About
About
What this is
niftyfiftyone is a daily, date-indexed reference archive of the Indian equity market. Every trading day gets one page, written twice: a Pre-Market read before the open, and an End-of-Day recap after the close — appended below the morning section, never overwriting it. Weekends and market holidays get a simpler, news-only page. There is no editing after the fact: what the morning said stays visible next to what actually happened.
The Long/Short signal
Each day's Pre-Market section includes a transparent table of market inputs — GIFT Nifty, US overnight indices, yields, FII/DII flows, USD/INR, and more — each cast as a −1, 0, or +1 vote by fixed, published thresholds. The votes sum to a net score, which maps to a label (Neutral, Mildly/Strongly Long, Mildly/Strongly Short). Nothing about this is discretionary or hand-tuned per day; the same rules run every morning.

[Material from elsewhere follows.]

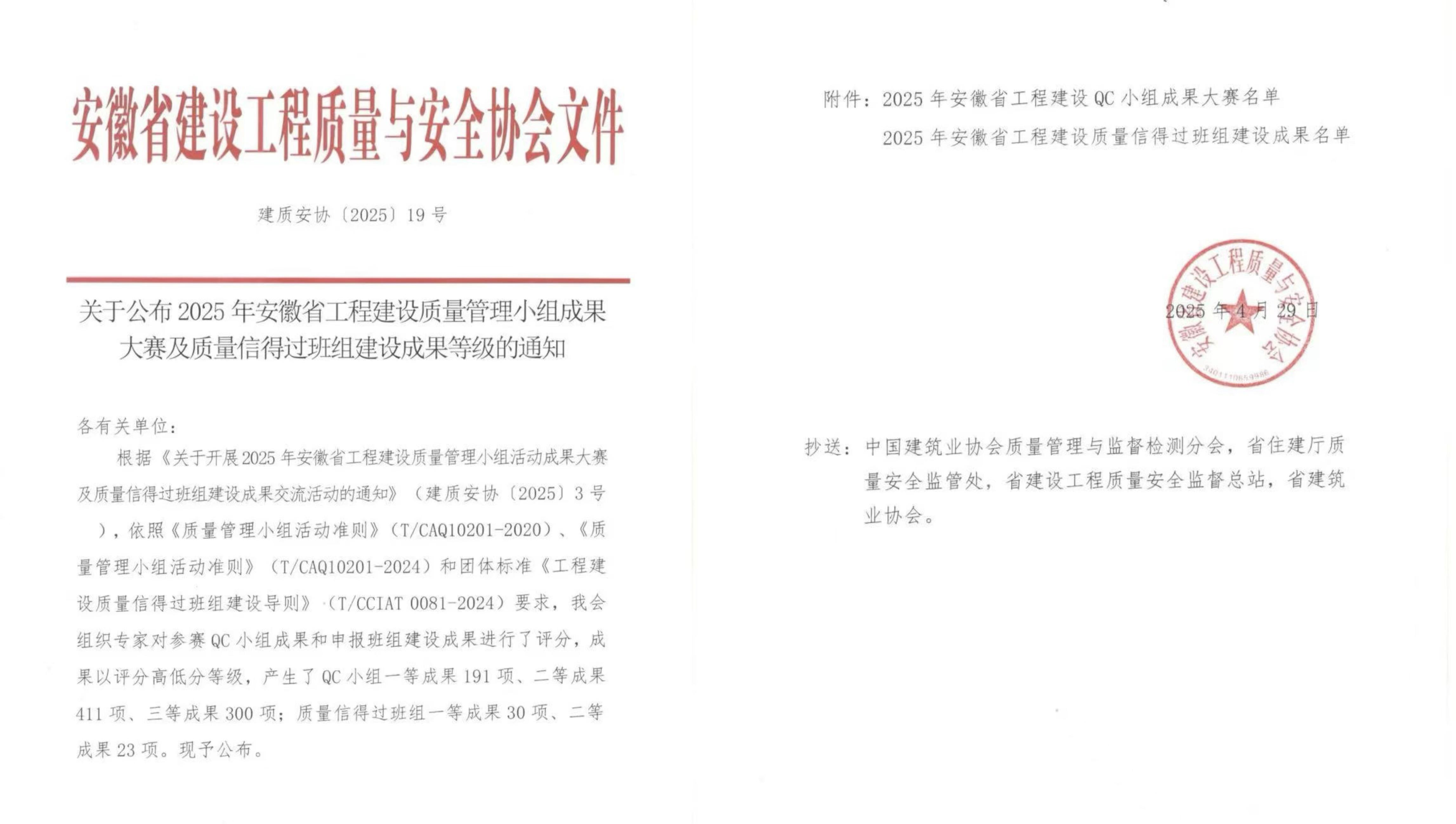 近日,2025 年安徽省工程建設(shè) QC 小組成果大賽評選結(jié)果揭曉。建工交航斬獲 2 項省級一等獎、9項省級二等獎、14項省級三等獎。

Historically, signals built this way predict the day's opening direction only slightly better than chance (roughly 52–56%), and do worse at predicting where the market closes. That's exactly why the morning call is never edited once the close is known — it's meant to be checked against the outcome, not polished to look right in hindsight.
How it's written
Every page is produced by an unattended pipeline: ordinary code fetches public market data and computes every number, vote, and label — no language model ever touches a number. A language model is used for exactly two things: rewording news headlines into original text and writing short connecting prose. News items are never pasted from their source; each is a reworded summary with a direct outbound link to the original.
Disclaimer
Nothing on this site is financial advice or a recommendation to buy or sell any security. The Long/Short signal is an automated, mechanical guess derived only from publicly available data, and it is frequently wrong. Do your own research before making any investment decision.